That leaves enough time to allow the software of the availability
engine 131 to determine how to react to the event of the timeout.
Normally, that involves a reboot; however, the software in the
availability engine 131 can elect not to reboot. When developing or
testing the functions of a new availability engine 131, the cause
of a timeout is more easily determined if the availability engine
131 doesn't reboot. Also, before rebooting, the software has the
opportunity to log additional information about the state of the
availability engine. This is important for effective diagnostic
analysis. When the hardware-based timer sets off, that triggers an
immediate reboot of the availability engine. If this is the case,
the software has no control and has no opportunity to log any
additional diagnostic information.
[0037] The disadvantage of the software-based timer is that if a
problem occurs while interrupts are disabled, the software-based
timer won't set off. That includes any problem that occurs inside
of an interrupted service routine. The hardware-based timer is
always functional. The two timers are set up such that the more
useful software-based timer will be triggered first, but the
hardware-based timer will set off if the software-based timer fails
to do so. If the software-based timer does set off, the
hardware-based timer is then disabled to prevent it from also
setting off.
[0038] The availability engines 131 implement an in-band FCs
"heartbeat" handshake between the availability engines 131 in the
availability engine cluster. If an availability engine 131 goes
offline, the other availability engines 131 are notified through
the FCs about this event. However, it is possible for FCs to
misbehave. There are also certain types of hardware failures that
have been known to result in a port appearing to be reachable, when
in fact it is not. The purpose of the heartbeat is to detect and
deal with problems of this sort.
[0039] In addition to the FC heartbeat, availability engines 131
also implement a second heartbeat, the Ethernet-based heartbeat.

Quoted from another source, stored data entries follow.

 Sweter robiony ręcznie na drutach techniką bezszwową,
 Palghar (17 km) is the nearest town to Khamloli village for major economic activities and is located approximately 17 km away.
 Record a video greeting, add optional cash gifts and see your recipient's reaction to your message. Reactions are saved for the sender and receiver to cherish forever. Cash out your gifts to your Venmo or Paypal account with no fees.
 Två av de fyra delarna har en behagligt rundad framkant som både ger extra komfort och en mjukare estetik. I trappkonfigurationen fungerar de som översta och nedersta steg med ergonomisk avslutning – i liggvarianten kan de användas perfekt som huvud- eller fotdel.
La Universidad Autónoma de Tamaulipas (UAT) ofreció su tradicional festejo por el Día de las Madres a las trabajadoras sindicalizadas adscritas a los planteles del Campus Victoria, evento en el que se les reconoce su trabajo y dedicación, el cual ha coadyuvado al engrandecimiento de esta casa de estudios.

The use of the Ethernet heartbeat is optional and is generally
reserved for the cases when the availability engine cluster is
spread over two or more sites or separated by a significant
distance. In such cases, FC communications between sites are often
routed through a single high-speed "pipe". But a single failure can
break this pipe, resulting in the isolation of the sites.

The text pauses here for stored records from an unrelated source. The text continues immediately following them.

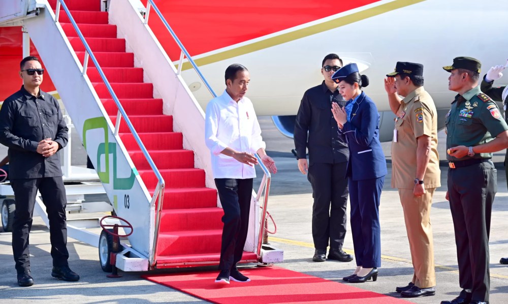 Presiden RI Joko Widodo (Jokowi) tiba di Pangkalan Utama TNI AD (Lanumad) Ahmad Yani, Kota Semarang untuk melakukan kunjungan kerja di Provinsi Jawa Tengah pada Rabu (13/12/2023). Dengan menggunakan pesawat kepresidenan Indonesia-1, Presiden tiba di Semarang sekitar pukul 07.35 WIB. Di Lanumad Ahmad Yani, Presiden Jokowi tampak disambut oleh Pj. Gubernur Jawa Tengah Nana Sudjana.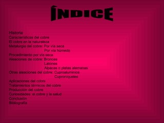 Este documento resume las características, usos y procesos de obtención del cobre. Explica que el cobre es un metal no férreo de color rojizo con alta conductividad eléctrica y térmica. Forma aleaciones como bronces y latones usadas en electricidad, transporte y construcción. Se extrae principalmente de minerales sulfurados mediante procesos de vía seca o húmeda y es necesario en la vida humana y ecosistemas.
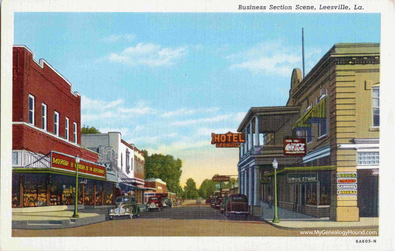 A vintage postcard view of a Business Section Street Scene, Leesville, Louisiana. Business signs that can be read include Hotel Leesville; Drug Store; Morgan & Lindsey 5 & 10.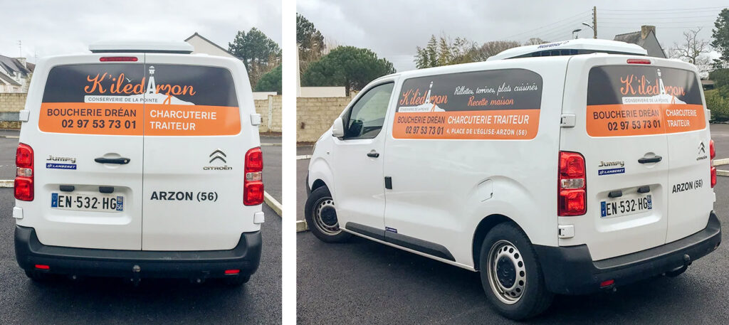 Cette identité visuelle devait être déclinable sur l’ensemble des supports de communication de l’entreprise, notamment les étiquettes de ses produits artisanaux (terrines, rillettes, plats cuisinés, sauces…), le coffret de ses fabrications et son véhicule professionnel.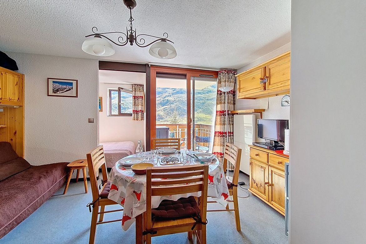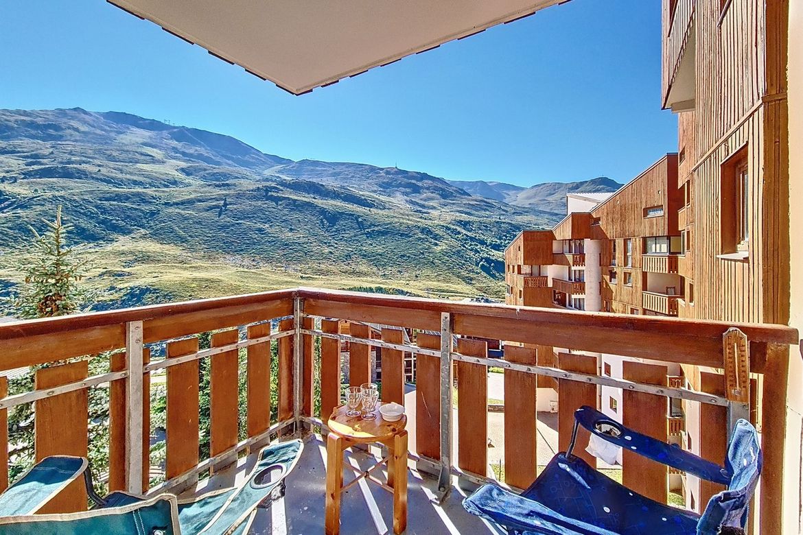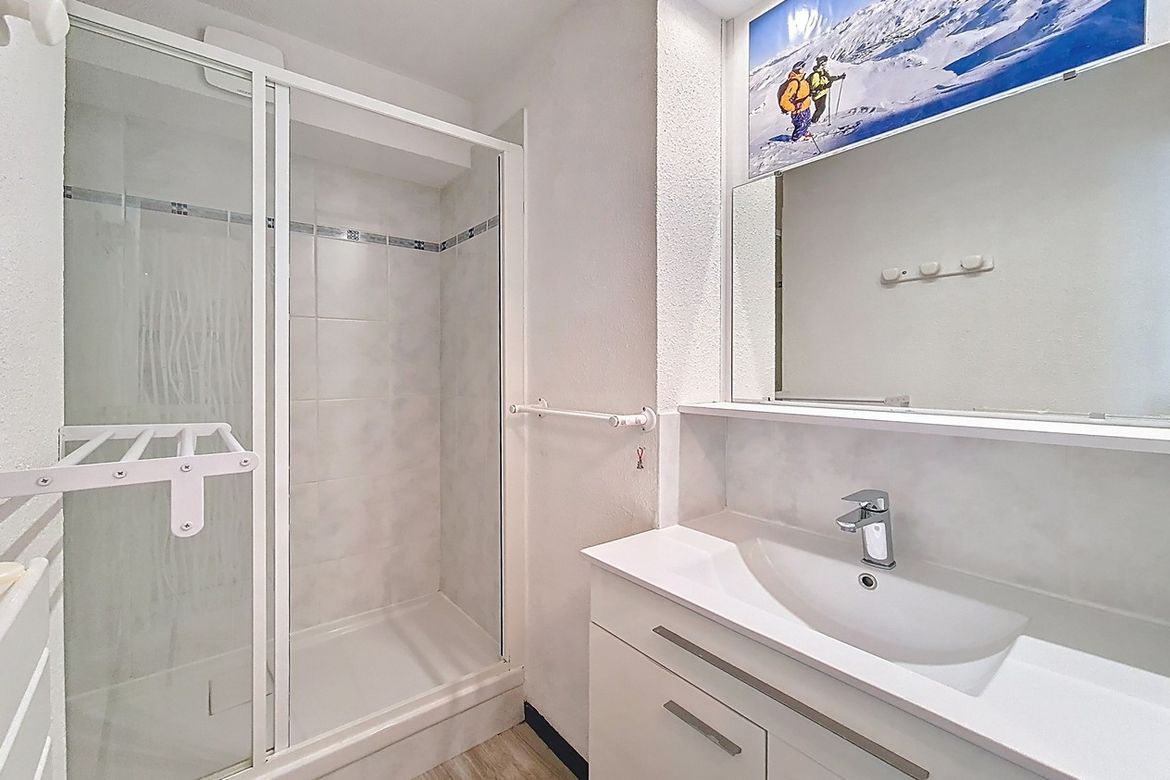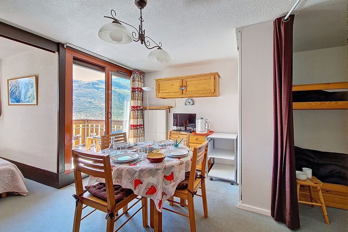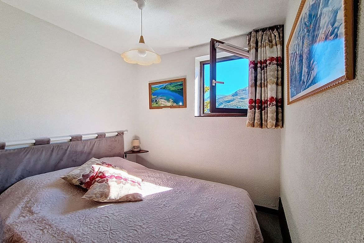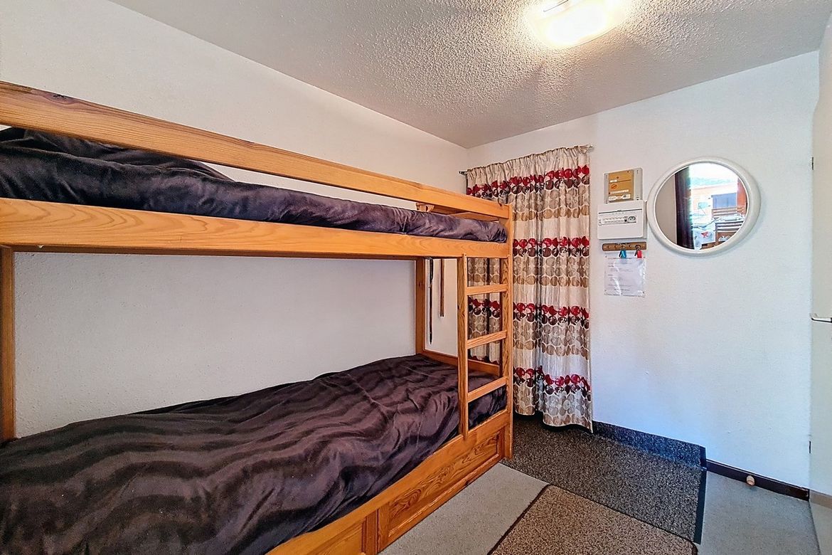 Appartement de 2 pièces avec cabine de 27m² pour 4 personnes. Il est situé au 5ème étage avec un balcon exposé Sud-Ouest. Il est équipé de volets roulants. Label : 1 flocon Argent. Séjour : 1 canapé . Equipé d'une télévision. Cabine (séparée de l'entrée par une rideau) : 2 lits 1 personne superpo...

[0040] It is a very serious matter if two remote sites, each
containing one or more availability engines 131 of the same
availability engine cluster, become isolated. The availability
engines 131 at each site continue to operate the mirrored LUs
independently by using only the mirror member(s) located at its own
site. When the isolation is corrected and the sites are rejoined,
it is not possible to correctly re-synchronize the mirrored LUs.
That leads to data corruption. This data corruption can be avoided
by having the isolated sites to cease operation until they are
rejoined or given instructions by the administrator.

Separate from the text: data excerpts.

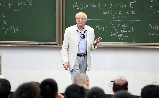 4月21日晚,法国著名数学家让-皮埃尔·塞尔(Jean-Pierre Serre)教授在beat365官方唯一入口西阶梯教室做主题为“关于模p意义下多项式方程解的个数”的思廉讲座。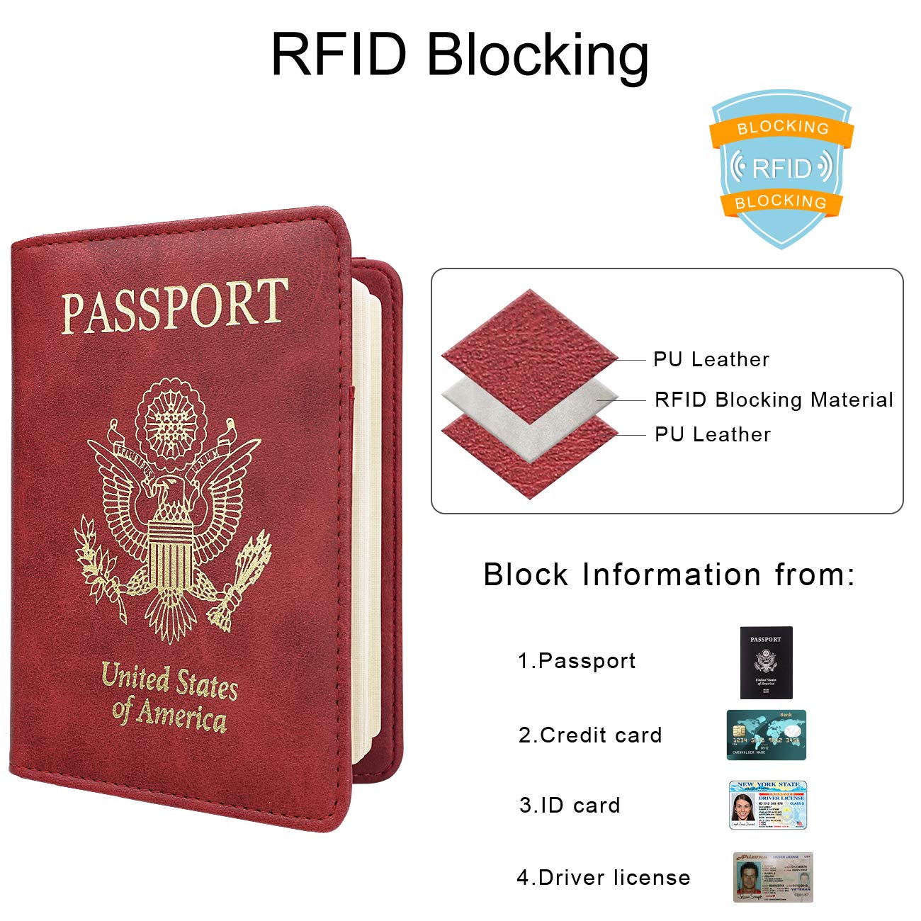 Security Passport Book Protector: With RFID blocking shield material inside, this RFID Blocking passport wallet helps prevent personal account information disclosure. Comes with an elastic strap which can secure items inside, rfid wallet will not open in your bag or luggage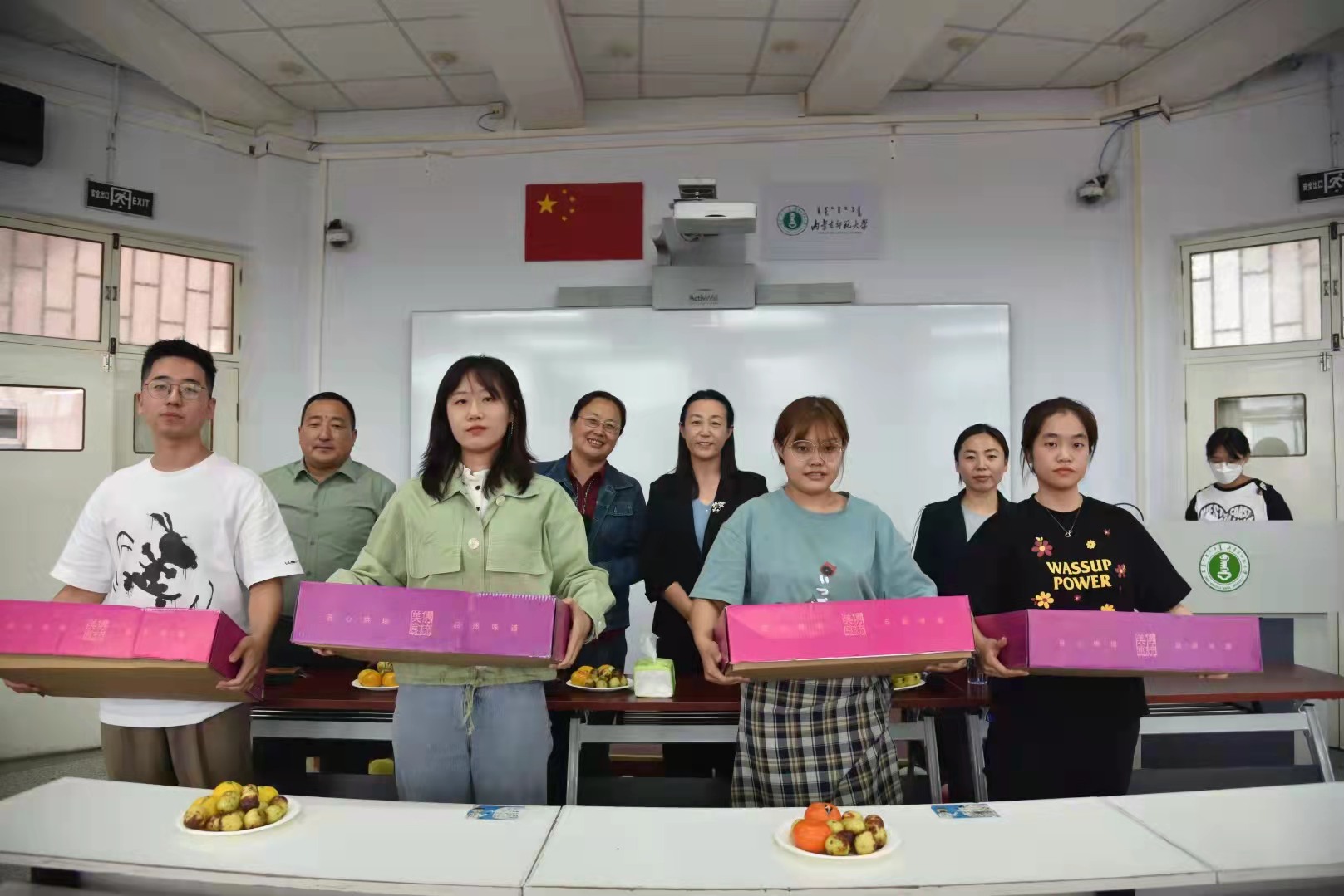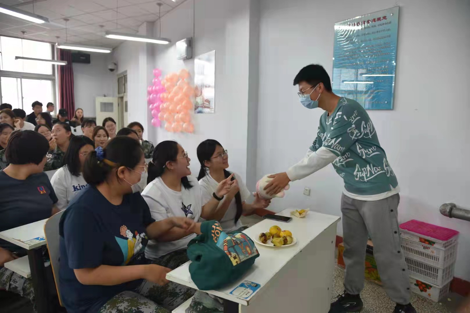 接着,包凤兰书记对到场的所有人员致以中秋节的慰问,并与现场的领导老师共同为同学们发放中秋节礼物,不论是月饼还是水果都饱含着各位领导老师对同学们的祝福。

[0041] When developing and testing the functions of a new
availability engine 131, the self-recovery reboot function is
typically turned off. This is because analyzing the problem is more
important than recovering from the problem. In the end-user
environment, this is not the case. However, gathering as much
information as possible about the problem is still important.
[0042] The availability engines 131 generate ASCII-formatted,
time-stamped diagnostic messages describing significant events and
actions. These messages make up what is referred to as the "debug
stream". The messages in the debug stream are grouped into
approximately 20 categories such as the driver for each FC port,
engine-to-engine messaging and the dynamic random access memory
(DRAM) block allocation and release. If desired, the debug stream
can be directed in realtime to the availability engine 131's serial
port, or to a telnet session. The debug stream also passes through
a large ring buffer that preserves the most recent information. The
contents of the debug stream buffer can be "replayed" at any time
to the serial port or to a telnet session.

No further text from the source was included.